Lisheen Grave Yard, Foghill, Co. Mayo
Co. Mayo |
Burial Grounds
At Foghill in County Mayo, a low earthwork encloses a burial ground that was never meant for the baptised.
Set within a rath, a type of circular ringfort typically associated with early medieval settlement, the small graveyard known as Lisheen was used for generations as a resting place for unbaptised children. These sites, sometimes called cillíní, occupy a particular and melancholy corner of Irish religious and social history. Catholic doctrine, for much of the country's history, held that unbaptised infants could not be buried in consecrated ground, and so communities quietly found other places, often ancient or liminal spots already set apart from the everyday world.

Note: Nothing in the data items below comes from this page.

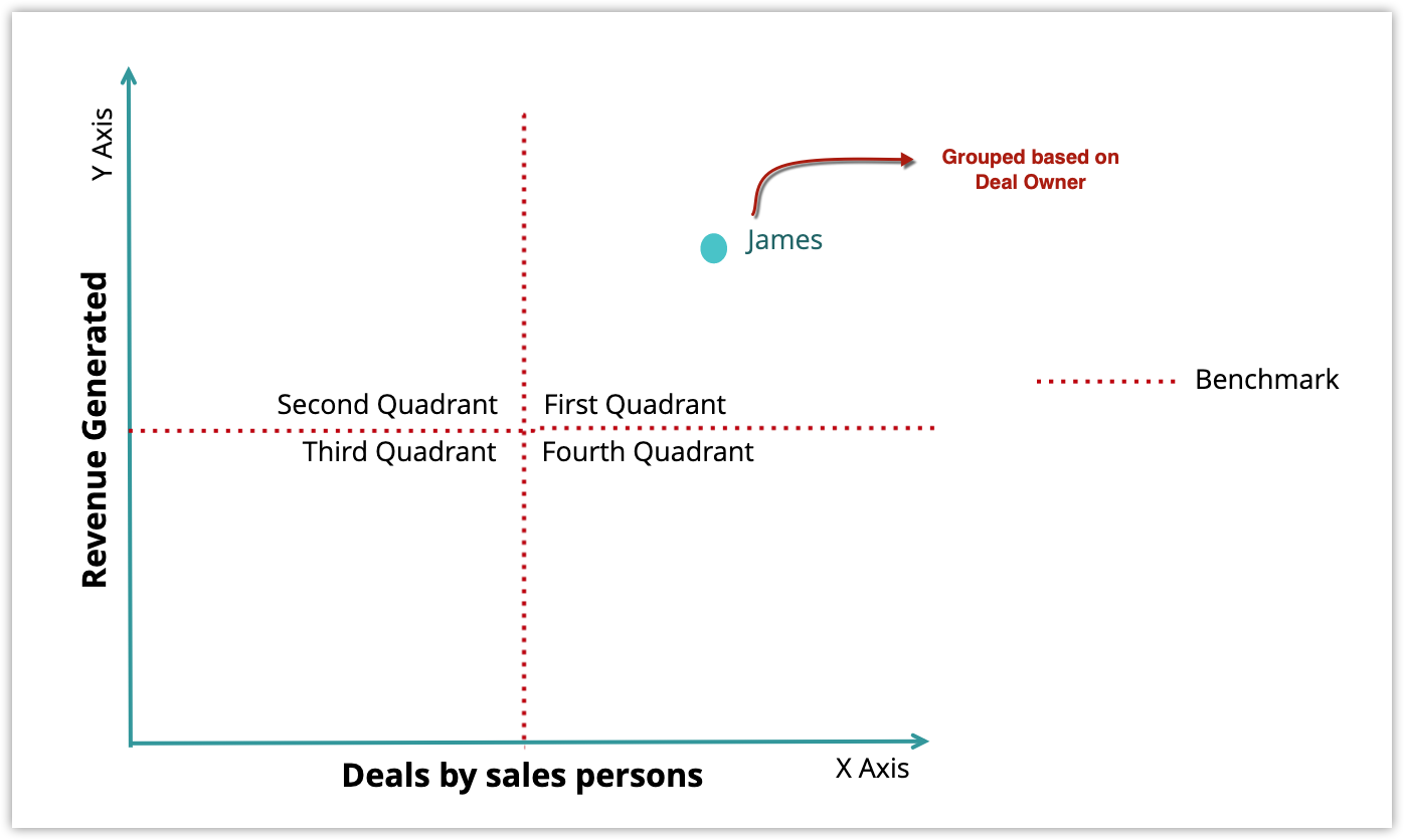 例如,您正在创建一个象限分析,以查看不同销售人员的商机 vs 产生的收入。定义完所有组件后,将在适当的象限中展示数据。
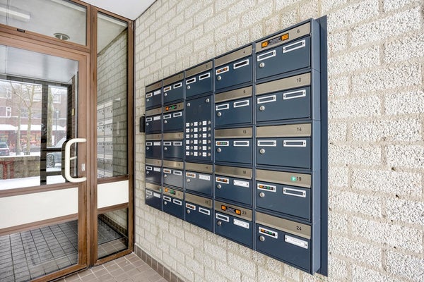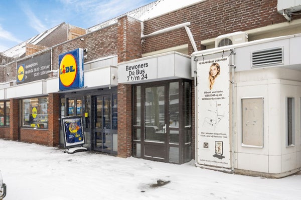 De entreehal van het appartementencomplex ligt aan het pleintje De Bus. In deze hal bevinden zich de brievenbussen, de bellen en de intercom. Er is een trap naar de hal op de eerste verdieping (met een traplift) waar de appartementen aan grenzen.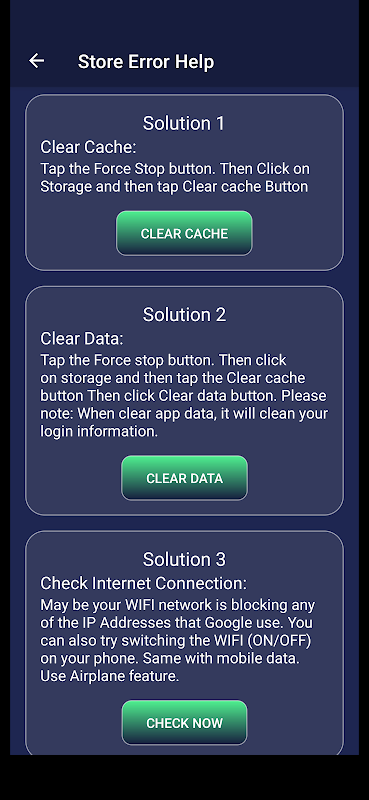 1. **Error Solver**: Quickly resolve Play Store errors and Play Service issues that might hinder your app experience. Get detailed explanations and step-by-step guides to fix common errors, ensuring smooth operation of your favorite apps.

The place-name itself is recorded in the Ordnance Survey Letters compiled in the nineteenth century, where it appears as Lishín, later rendered Lisheen, described plainly as a burying place for unbaptised children. It was marked on the 1838 Ordnance Survey six-inch map simply as Lisheen Grave Yard, and by the 1922 edition the cartographers had added a clarifying note, labelling it a Children's Burial Ground. The site's character is understated in the extreme. At the centre of the rath interior stands a single upright slab, uninscribed, measuring roughly 0.7 metres high and 0.6 metres wide. To its north-east, a scatter of smaller stones barely breaks the surface; these are thought to mark individual graves, though no inscriptions or formal markers confirm it. The absence of names is itself a kind of record, reflecting the informal and often furtive nature of such burials, carried out without ceremony by families navigating grief alongside the weight of religious convention.